Latest CI-verified accuracy (from h5_accuracy_results.json, post-PR#106):

  • 15 benchmarks with error data (11 micro + 4 PolyBench with HW CPI)
  • Overall average error: 29.46% — does NOT meet <20% target
  • Key update: PR#106 (Leo) fixed bicg regression by gating store-to-load ordering on D-cache
  • PR#106 did NOT regress memorystrided — memorystrided runs with EnableDCache=true, so the store-to-load ordering check remains active. CI run 22180241267 confirms memorystrided CPI=2.125 (24.61% error), unchanged from pre-PR#106.

Error breakdown (sorted by error, all CI-verified):

Benchmark Category Sim CPI HW CPI Error
jacobi-1d polybench 0.349 0.151 131.13%
bicg polybench 0.391 0.230 70.37%
arithmetic micro 0.219 0.296 35.16%
branchheavy micro 0.941 0.714 31.79%
mvt polybench 0.277 0.216 28.48%
memorystrided micro 2.125 2.648 24.61%
loadheavy micro 0.357 0.429 20.17%
atax polybench 0.183 0.219 19.40%
reductiontree micro 0.406 0.480 18.23%
storeheavy micro 0.522 0.612 17.24%
strideindirect micro 0.609 0.528 15.34%
vectoradd micro 0.296 0.329 11.15%
vectorsum micro 0.362 0.402 11.05%
dependency micro 1.015 1.088 7.19%
branch micro 1.311 1.303 0.61%

Infeasible: gemm, 2mm, 3mm (polybench); crc32, edn, statemate, primecount, huffbench, matmult-int (embench)

Path to H5: <20% Average Error Across 15+ Benchmarks

Math: Current sum of errors = ~442%. For 15 benchmarks at <20% avg, need sum < 300%. Must reduce by ~142 percentage points.

The 2-benchmark roadblock: The top 2 errors account for 201 percentage points:

  1. jacobi-1d (131.13% → target <20%): saves ~111 points — CRITICAL
  2. bicg (70.37% → target <20%): saves ~50 points — CRITICAL

If we fix both to <20%, remaining sum ≈ 261%, avg ≈ 17.4% → H5 achieved.

Secondary targets (above 20%): 3. arithmetic (35.16%): saves ~15 points 4. branchheavy (31.79%): saves ~12 points 5. mvt (28.48%): saves ~8 points 6. memorystrided (24.61%): saves ~5 points

Root cause analysis:

  • jacobi-1d (sim too SLOW: 0.349 vs 0.151): Sim is 2.3x over-stalling for 1D stencil computation. Likely WAW/RAW hazard over-stalling in the pipeline.
  • bicg (sim too SLOW: 0.391 vs 0.230): Sim is 70% over-stalling for dot products. PR#106 partially fixed this but more improvement needed.
  • memorystrided (sim too SLOW: 2.125 vs 2.648): 24.61% error, above target but not critical. Sim slightly under-counts cache miss stall cycles for strided access patterns.

Milestone Plan (M17–M18)

M17: Fix jacobi-1d and bicg over-stalling (NEXT)
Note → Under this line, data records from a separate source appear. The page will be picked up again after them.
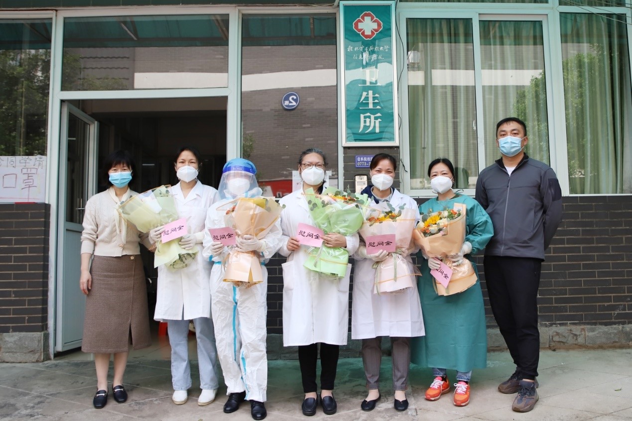 致敬医护,礼赞天使——学校工会慰问一线医护工作者5月12日,在第112个国际护士节到来之际,学校校工会常务副主席申琍,保卫处处长彭鹏以及相关部门老师到学校卫生所看望一线医护工作者,并向她们致以节日祝福和诚挚慰问。申琍为医护人员献上鲜花申琍向全体医护人...
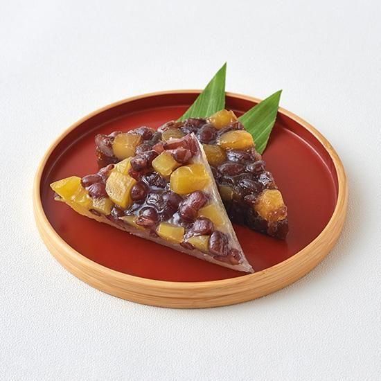 国産の小麦粉と米粉を昔ながらの技術と、職人の技で混ぜ合わせ蒸した「ういろう」はしろと黒糖の2種類です。小豆の甘納豆と栗の甘露煮がごろっと乗った秋の和菓子です。
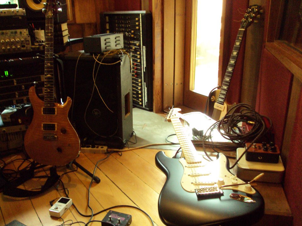 Mais à frente, A Fender Stratocaster. Ao lado esquerdo, a inseparável PRS de Cheese. Lá no fundo, a Les Paul com os P-90.

Budget: 12 cycles Goal: jacobi-1d from 131% → <50%. bicg from 70% → <40%. Both have sim CPI >> HW CPI (over-stalling). Profile stall sources in both benchmarks and reduce excessive WAW/structural hazard stalls for these compute patterns. Success: jacobi-1d < 70%, bicg < 50%. No regressions on other benchmarks.

M18: Final calibration — achieve H5 target

Budget: 10 cycles Goal: Achieve <20% average error across all 15 benchmarks. Address remaining outliers (arithmetic 35%, branchheavy 32%, mvt 28%, memorystrided 25%). Verify final CI results. Success: Average error < 20% across 15 benchmarks, all CI-verified.

Total estimated budget: ~22 cycles

H4: Multi-Core Support (deferred until H5 complete)

Lessons Learned (from milestones 10–17)

  1. Break big problems into small ones. Target 1–2 benchmarks per milestone, not all at once.
  2. CI turnaround is the bottleneck. Each cycle can only test one CI iteration. Budget accordingly.
  3. Caches are correctly configured (M11 confirmed). Problems are purely pipeline timing.
  4. Research before implementation. Profile WHY sim CPI is wrong before changing parameters.
  5. OoO experiments cause regressions. Stick to in-order pipeline improvements.
  6. Don't merge without CI verification. Update accuracy data ONLY from CI-verified runs.
  7. "Wait for CI" should be its own task. Never combine CI wait + implementation in one milestone.
  8. Structural hazards are the #1 pipeline accuracy bottleneck for most benchmarks.
  9. memorystrided is a distinct problem — sim is too fast (not too slow), needs cache miss stall cycles.
  10. The Marin runner group provides Apple M2 hardware for accuracy benchmarks.
  11. Verify regressions with code analysis, not assumptions. PR#106 was wrongly assumed to regress memorystrided — code analysis confirmed it didn't (D-cache gating only affects non-D-cache benchmarks).
  12. The top 2 errors are the main roadblock. Fix jacobi-1d + bicg → H5 likely achieved (avg drops to ~17.4%).